Mrs. Harbinger regarded him curiously, as if she could hardly make up her mind how such a person was to be treated.
"It is not customary to have scenes of that kind in our parlors," she answered, smiling.
"I know it," he said, with an accent of deep despair. "It was all my unfortunate temper that ran away with me. But you don't appreciate, Mrs. Harbinger, how a man feels when his wife has been made the subject of an infamous libel."
"But if you'll let me say so, Mr. Barnstable, I think you are going out of your way to find trouble. You are not the only man who has been separated from his wife, and the chances are that the author of 'Love in a Cloud' never heard of your domestic affairs at all."
"But he must have," protested Barnstable with growing excitement, "why – "
"Pardon me," she interrupted, "I wasn't done. I say that the chance of the author of that book knowing anything about your affairs is so small as to be almost impossible."

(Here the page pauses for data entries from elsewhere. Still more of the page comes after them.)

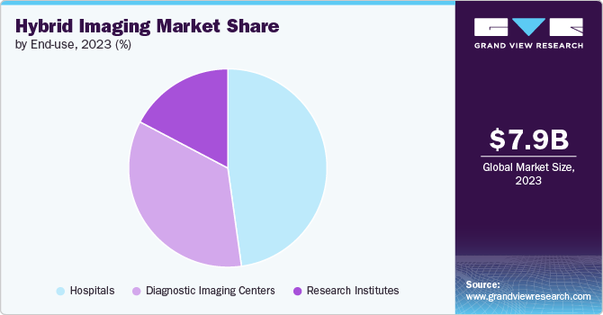 - The PET/CT systems segment accounted for the largest market share of 32.3% in 2023. Technical advancements in PET imaging for advanced diagnostics applications and oncology and rising demand for PET analysis in radiopharmaceuticals are expected to drive market growth.
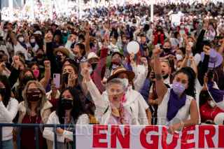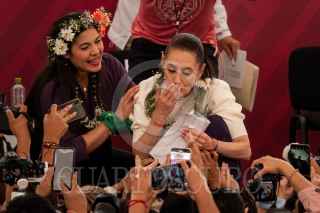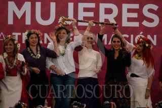 CIUDAD DE MÉXICO, 05MARZO2022.- Claudia Sheinbaum, jefa de gobierno de la Ciudad de México, en compañía de las gobernadoras: Evelyn Salgado Pineda (Guerrrero); Indira Vizcaíno (Colima); María del Pilar Ávila (Baja California); Lorena Cuéllar Cisneros (Tlaxcala) y Layda Sansores (Campeche), así como de Rocío Nataly Barrera, presidenta del Congreso de Yucatán; Mariela Gutiérrez Escalante, presidenta municipal de Tecámac, y Olga Sánchez Cordero, presidenta del senado de la República, encabezaron el Encuentro de Mujeres por la Transformación en el marco del Día Internacional de la Mujer. Las legisladoras, gobernadoras y secretarias federales llamaron a continuar inspirando y abriendo brecha para las siguientes generaciones. FOTO: GALO CAÑAS/CUARTOSCURO.COM
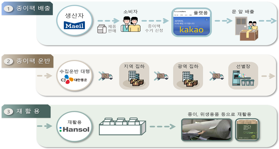 매일유업은 회수 참여자에게 자사 제품 구매 시 할인쿠폰을 제공해 참여유인을 제공하는 한편 한솔제지는 회수된 종이팩을 고품질의 종이로 재활용해 종이팩 회수 선순환 체계 구축을 지원한다.
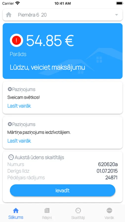 * PAZIŅOJUMI – ātrākais veids kā saņemt operatīvu informāciju no Jūsu apsaimniekotāja;
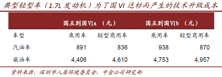 中金公司预计轻型柴油商用车从国五升级到国六的达标成本超过4600元,主流柴油系统供应商的开发工作目前严重滞后,而2017年柴油车在轻客和轻卡两个市场的占比分别为71.5%和78.9%,因此预计短期内在深圳等率先推广国六的省市将出现无国六柴油车可卖、新能源汽车占比大幅提升的局面,而中长期看轻型柴油机成本的提升,将会导致柴油车在轻型商用车的占比下降,同时轻型柴油机市场出现整合。
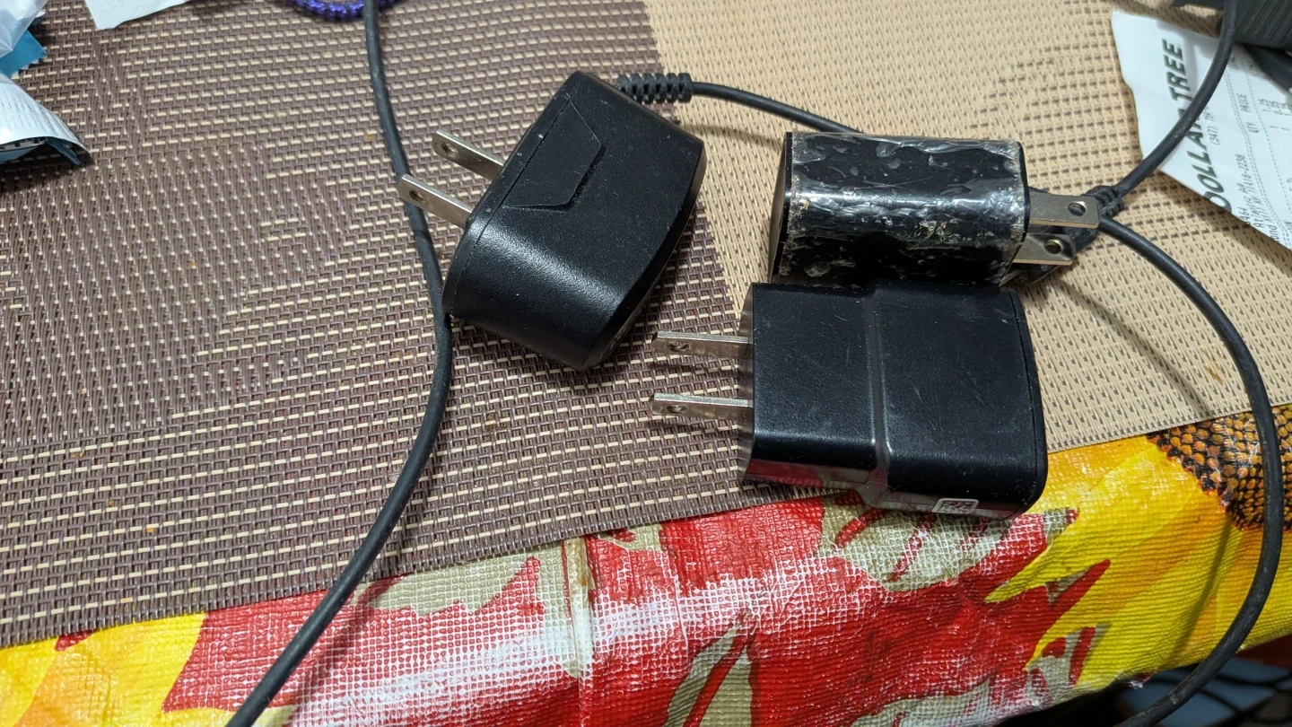 One is a Micro A power outlet charger. Two are phone chargers with USB ports.
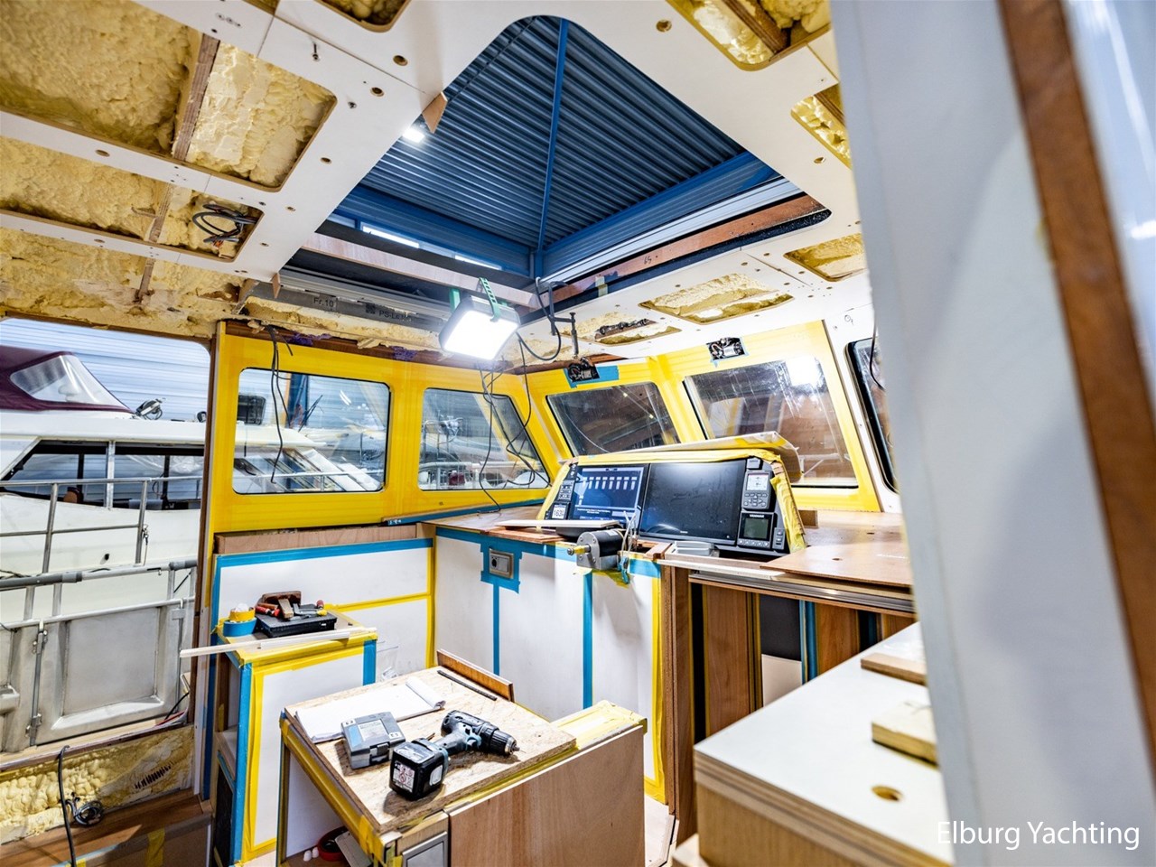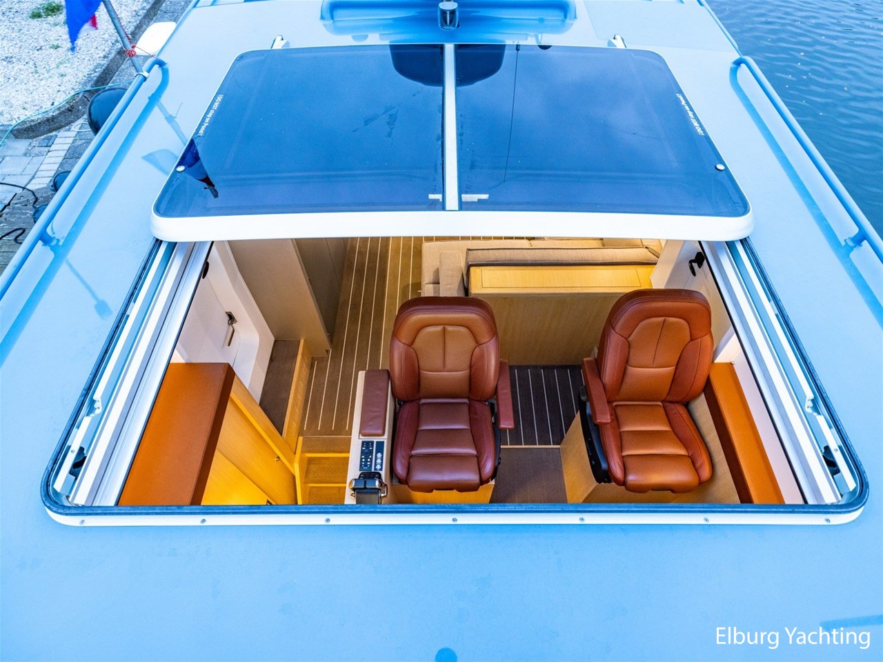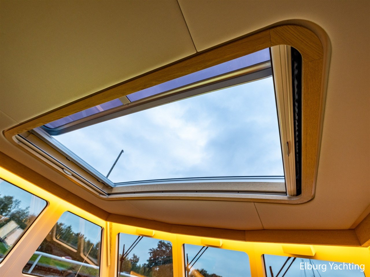 Dubbel glas Thermopane in vast stuurhuis, elektrisch schuifdak bij stuurhut ( ca. 1.10 x 1.80 m
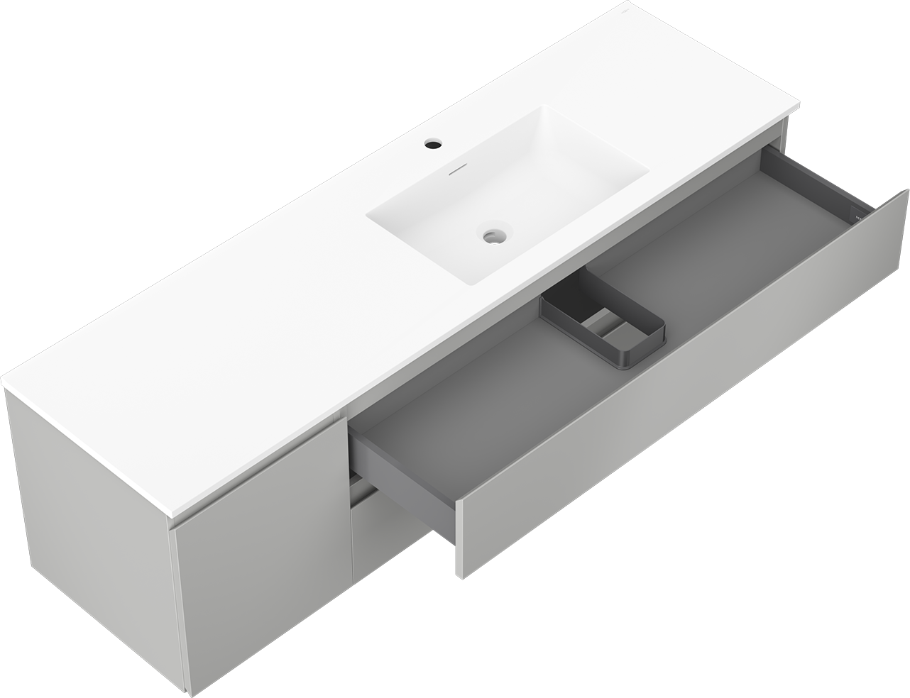 Výrez v zásuvke je navrhnutý tak, aby pojal sifón, ktorý je nevyhnutný v umývadlových inštaláciách. Vďaka tomu môže byť nábytok namontovaný plne funkčne, bez nutnosti vzdávať sa priestoru v zásuvke v prospech inštalácie.
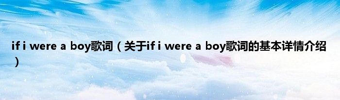 本文关于if i were a boy歌词的基本详情介绍就讲解完毕,希望对大家有所帮助。
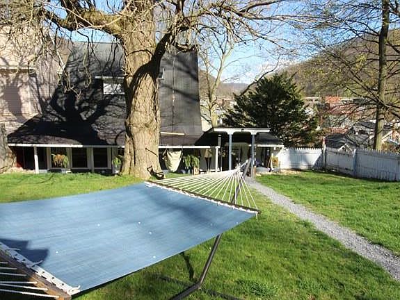Spacious 2 bedroom, 1 bathroom home in Tyrone on a large, fenced double lot. Detached 1 car garage with carport and second floor storage. Off street parking. Outside bar area is great for entertaining. Nice size kitchen with bar and room for eat-in area. Newer appliances. Pantry. New electric and windows through most of the house. Large dining room and living room with high ceilings and hardwood floors. Gas fireplace. Enclosed sun room. Large laundry area in basement. Additional area in basement could be finished. Nice size master bedroom with double walk-in closets. 2nd bedroom also has a walk-in closet.

"But there were circumstances so exact! Why, all that scene – "
"Really, Mr. Barnstable," Mrs. Harbinger again interrupted, "you must not go about telling what scenes are true. That is more of a publishing of your affairs than any putting them in a novel could be."
His eyes stared at her from the folds and undulations of his face like two remarkably large jellyfish cast by the waves among sand heaps.
"But – but," he stammered, "what am I to do? How would you feel if it were your wife?"
She regarded him with a glance which gave him up as incorrigible, and half turned away her head.
"I'm sure I can't say," she responded. "I never had a wife."
Barnstable was too much excited to be restrained by the mild jest, and dashed on, beginning to gesticulate in his earnestness.
"And by such a man!" he ran on. "Why, Mrs. Harbinger, just look at this. Isn't this obliquitous!"
He pulled from one pocket a handful of letters, dashed through them at a mad speed, thrust them back and drew another handful from a second pocket, scrabbled through them, discarded them for the contents of a third pocket, and in the end came back to the first batch of papers, where he at last hit upon the letter he was in search of.
"Only this morning I got this letter from a friend in New York that knew the Count in Europe. He's been a perfect rake. He's a gambler and a duelist. There, you take it, Mrs. Harbinger, and read it. You'll see, then, how I felt when that sort of a man scandaled my wife."
"But I thought that you received the letter only this morning," suggested Mrs. Harbinger, with a smile.
Her companion was too thoroughly excited to be interrupted, and dashed on.